April 9, 2013 · by Carrie Trax ·

2013.04.07@16.46.29Asparagus is popping up out of the ground all over Oregon.  This tells me that spring has started here in Oregon.  My favorite way to prepare asparagus is to roast it in the oven, it takes just 5 minutes.  You can also grill, steam or boil asparagus to make endless dishes.  For breakfast I enjoy it in omelets, quiche and served with Eggs Benedict.  Grilled asparagus is great tossed in your favorite pasta dish or to make a creamy soup.   However you like it, enjoy it Fresh From Oregon.

Fresh From Oregon Asparagus is in season April through June.

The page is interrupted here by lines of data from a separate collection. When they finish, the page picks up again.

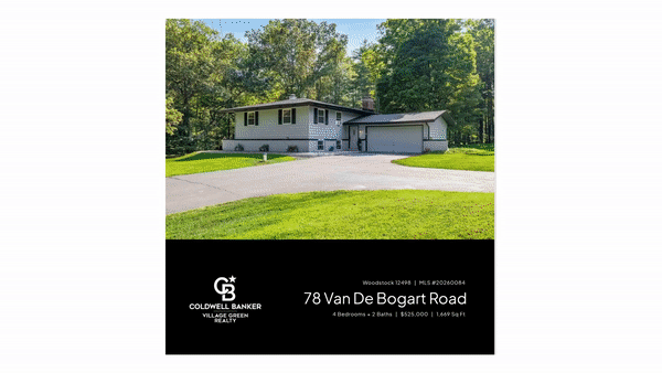 Located on quiet road just minutes from the heart of Woodstock, 78 Van de Bogart Road offers the perfect blend of mid-century charm and modern convivence This home sits on a premier corner one acre lot, meticulously landscaped to provide both curb appeal and a serene, private sanctuary. The upper level of this raised ranch features an open, airy layout designed to bring the outside indoors. The living room offers a cozy wood-burning fireplace for chilly country nights. Step out from the living room onto a private balcony overlooking the expansive, well-manicured yard—the ideal spot for morning coffee while listening to the sounds of the nearby stream. A large eat-in kitchen with ample cabinetry and workspace. Three well-appointed bedrooms and a full bathroom located on the main level. The fully finished ground level offers incredible flexibility for guests, a home office, or a media room. The Great Room features a second fireplace and a custom bar area, perfect for hosting. Large sliding doors open directly onto a rear patio, seamlessly connecting the indoor and outdoor entertaining spaces. A fourth bedroom, a dedicated office space, a half bath, and a large laundry room with extra storage complete the lower level. This property is a true standout, one of the best lots available plus a ''streamside'' feel that captures the quintessential Catskills vibe. A beautiful, level corner lot with mature plantings and plenty of room for a garden or pool. Don't overlook the oversized 2-car attached garage with plenty of room for vehicles and a workshop area. Move in with peace of mind—the home features a newer roof, recent interior/exterior paint, and a freshly sealed driveway. Enjoy the best of the Hudson Valley. You are perfectly positioned between the eclectic Village of Woodstock and the vibrant downtown of Kingston, with easy access to the NYS Thruway and NYC bus lines. A 3D Walkthrough Tour is available in the digital Lookbook or by request.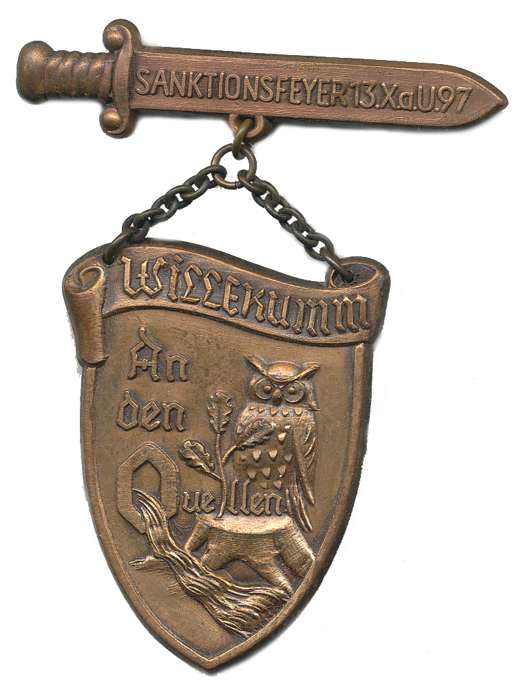 Bad Kissingen (An den Quellen) - Uvítací odznak, štít se stuhou nahoře s nápisem WILLEKUMM, výr u dubového pařezu, z písmene Q vytéká pramen, Cu 53x41 mm, 2 řetízky připojen meč s nápisem SANKTIONSFEYER 13.x.A.u.97 (1956)_vodorov.zavírací jehlice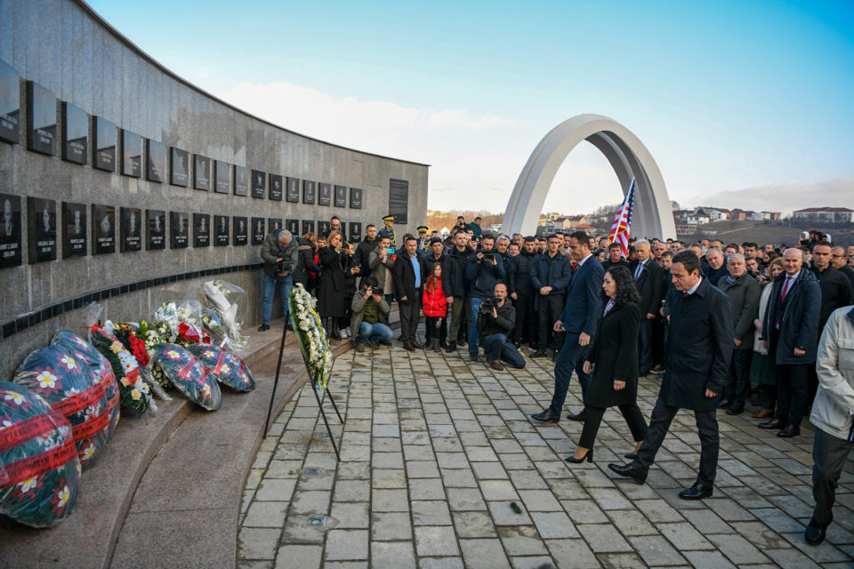 Vjosa Osmani u pratnji premijera Albina Kurtija i predsednika Skupštine Gljauka Konjufce prisustvovala je danas obeležavanja 24. godišnjice masakra nad Albanicima u Račku iz januara 1999.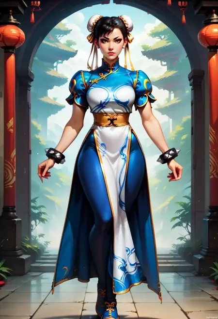 Casual prompt: 1girl, chun-li (\street fighter)\, black hair, brown eyes, makeup, eyelashes,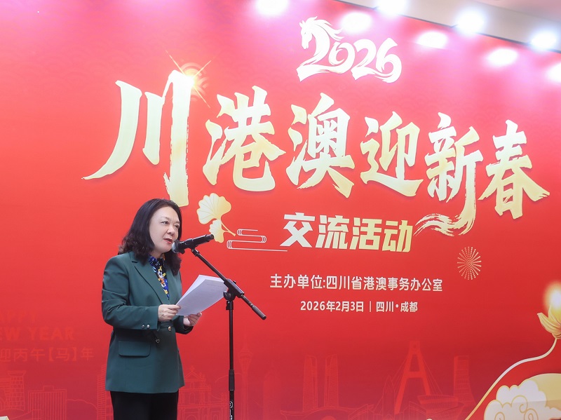 张涛指出,2025年,港澳依托独特优势融入国家发展大局,四川稳步推进高质量发展,川港、川澳各层级交流密切,合作成果丰硕。她表示,川港、川澳交流合作的成绩,得益于省委省政府的高度重视,得益于省政协港澳委员和港澳驻川机构、商协会、企业的积极参与和支持。迈步2026年,希望继续携手,以川港、川澳合作会议机制为牵引,深化合作,互利共赢,为谱写中国式现代化四川篇章贡献力量。
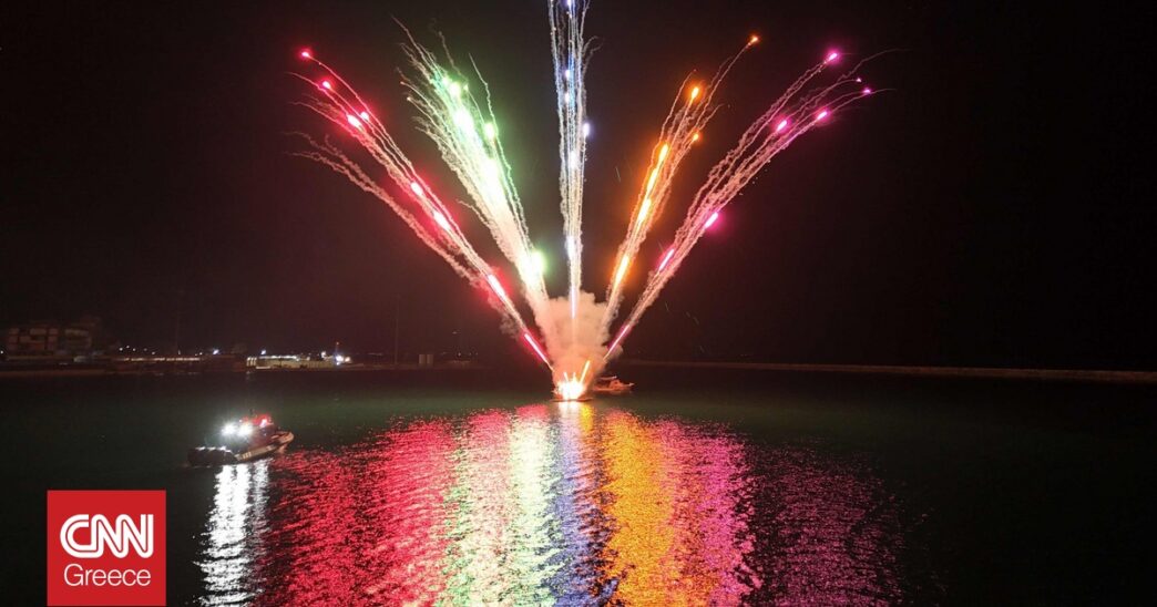 Παράλληλα, ο ουρανός της Πάτρας φωτίστηκε από χιλιάδες πυροτεχνήματα σε μια μοναδική στιγμή με ρυθμό, ένταση, και υπό τους ήχους δυνατής μουσικής.
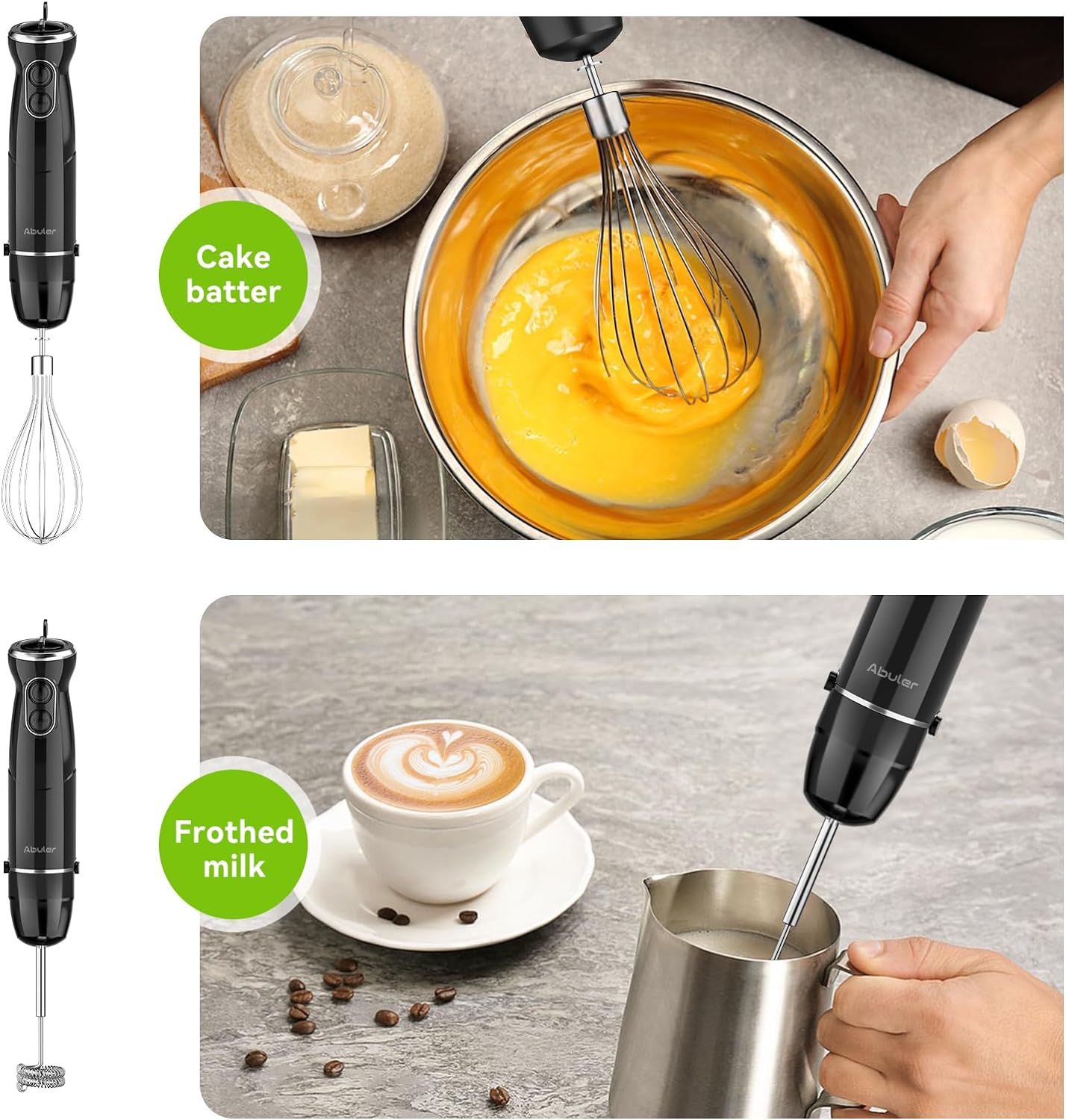 POWERFUL IMMERSION BLENDER HANDHELD: Abuler handheld blender (batidora de mano electrica) features a powerful awesome 1000-watt blending power and turbo boost mode, which would be a time saver when making soups, sauces, homemade salad dressings for meal prep or making smoothies and milkshakes with healthy natural raw ingredients.

Lemon Risotto with Roasted Asparagus & Chicken2013.04.07@18.08.332013.04.07@17.19.212013.04.07@17.28.182013.04.07@17.56.29
12 spears asparagus, cut in pieces on a diagonal, roasted
1 chicken breast, grilled
1 (14.5 oz) can chicken broth
3 cups water
4 tablespoons butter, divided
1/2 cup onions, diced
1 cup Arborio rice
1/2 cup dry white wine, room temperature
1/2 cup heavy cream
1/2 cup Parmesan cheese
1/2 teaspoon salt
1/2 teaspoon pepper
juice and zest from half lemon

In saucepan combine the chicken broth and water to a boil, reduce heat to a low simmer.  Melt 2 tablespoons butter in large skillet on medium heat, add onions and saute until tender, about 5 minutes.  Add the rice and saute 2 to 3 minutes to lightly toast.  Add the wine and cook, stirring constantly, until it is absorbed.  Add 1 cup of the hot broth mixture, stirring often until liquid is absorbed.  Add another cup of broth mixture and repeat until all the broth is gone.  This should take 25-30 minutes.  You should be stirring often to keep from sticking to the bottom of the skillet.  Once all the broth mixture has been added and liquid absorbed add the remaining 2 tablespoons butter,  heavy cream, Parmesan cheese, salt, pepper and lemon zest & juice.  Cook, stirring constantly, 2 minutes.  It is ready to serve.  Place risotto on plate and place some sliced chicken and asparagus on top.

To roast the asparagus toss pieces with 1 tablespoon olive oil and season with salt and pepper.  Place on baking sheet in a 400 degree oven for 5 minutes.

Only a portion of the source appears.